- [DATASET SECTION]:
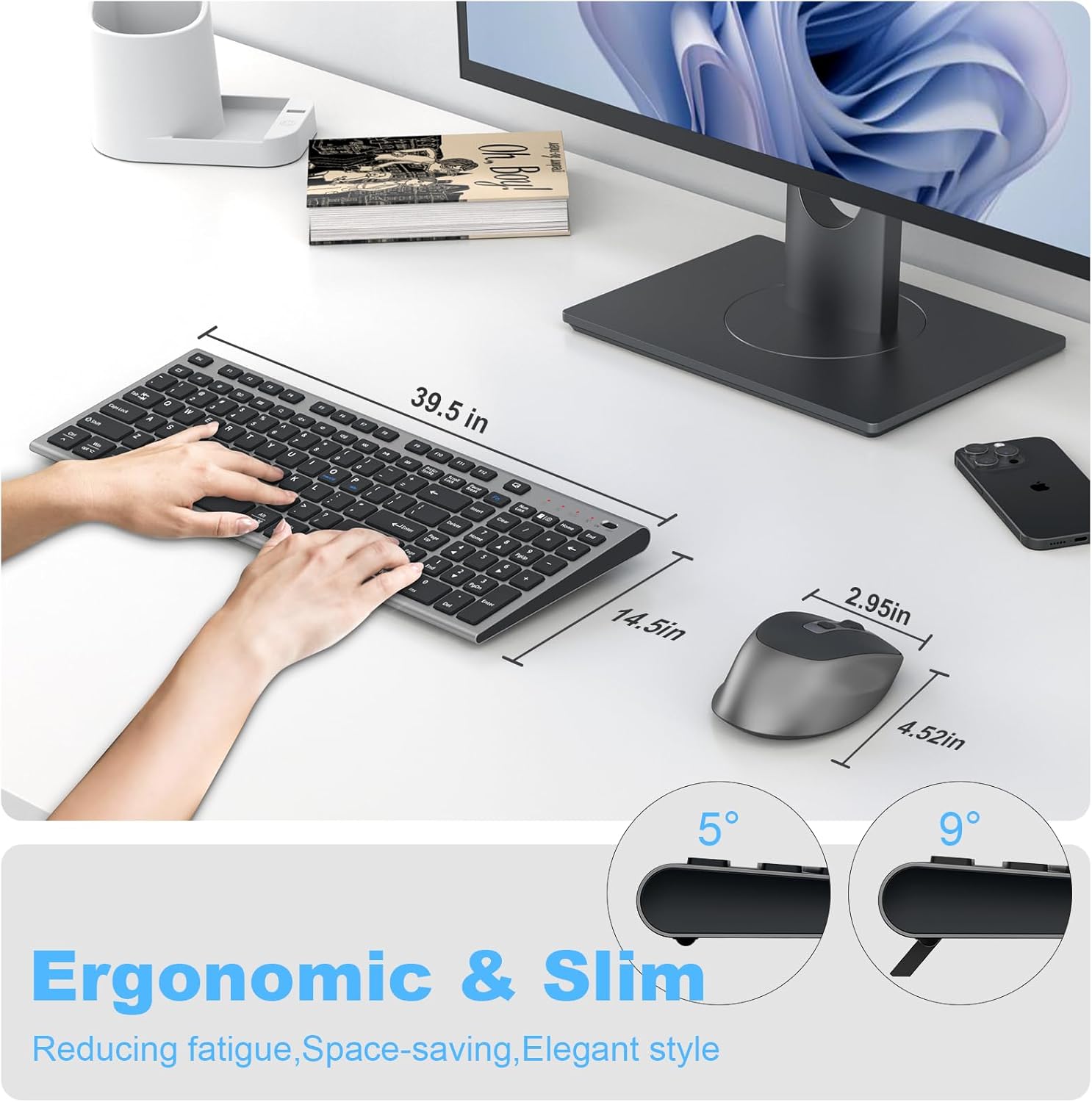 - γErgonomics Designγ: The key board tilt is adjustable, Effectively reduces hand fatigue.50-60g X-shaped structure keys, Achieve ultra-short stroke fast click and smooth typing experience. The concave surface of the keys makes it more comfortable for your fingers. The surface power switch and numeric keypad make operation efficient and convenient.Independent multimedia shortcut keys, Fully release the F1-F12 keys. 121-key compact layout, with full-size keyboard functions, while saving 10% of space, Achieve shorter and more convenient use distance, freeing up more desktop space.The mouse is of moderate size.Its unique contour and curve design make it more comfortable for you to use.
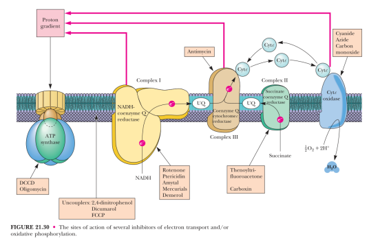 氰化物 一氧化碳 叠氮化物 硫化氢 | 毒素 | 能比氧更强烈地结合细胞色素c氧化酶的铁铜中心,阻止氧的还原,从而抑制电子传递链。 |
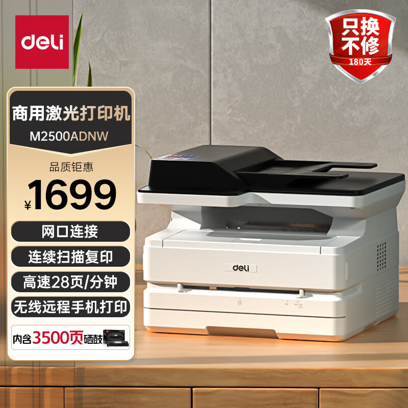 得力(deli)M2500ADNW黑白办公商用三合一A4打印机复印机扫描机多功能一体机 家用无线 自动双面激光打印机价格:1699.00元!
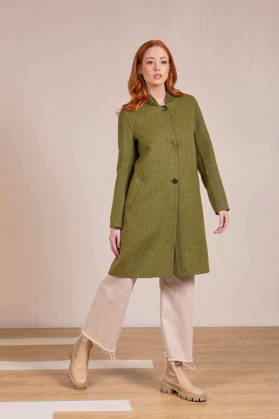 The Vanadis coat is one the most distinguished pieces of our collection. The knitted neck makes it truly cosy, and the button adds the elegant touch.

- [HOW TO COMPLETE THIS TASK]:
The whole listing above is to be printed exactly; the pictures stay out.

- [PROBLEM SOLUTION]:
 - γErgonomics Designγ: The key board tilt is adjustable, Effectively reduces hand fatigue.50-60g X-shaped structure keys, Achieve ultra-short stroke fast click and smooth typing experience. The concave surface of the keys makes it more comfortable for your fingers. The surface power switch and numeric keypad make operation efficient and convenient.Independent multimedia shortcut keys, Fully release the F1-F12 keys. 121-key compact layout, with full-size keyboard functions, while saving 10% of space, Achieve shorter and more convenient use distance, freeing up more desktop space.The mouse is of moderate size.Its unique contour and curve design make it more comfortable for you to use.
 氰化物 一氧化碳 叠氮化物 硫化氢 | 毒素 | 能比氧更强烈地结合细胞色素c氧化酶的铁铜中心,阻止氧的还原,从而抑制电子传递链。 |
 得力(deli)M2500ADNW黑白办公商用三合一A4打印机复印机扫描机多功能一体机 家用无线 自动双面激光打印机价格:1699.00元!
 The Vanadis coat is one the most distinguished pieces of our collection. The knitted neck makes it truly cosy, and the button adds the elegant touch.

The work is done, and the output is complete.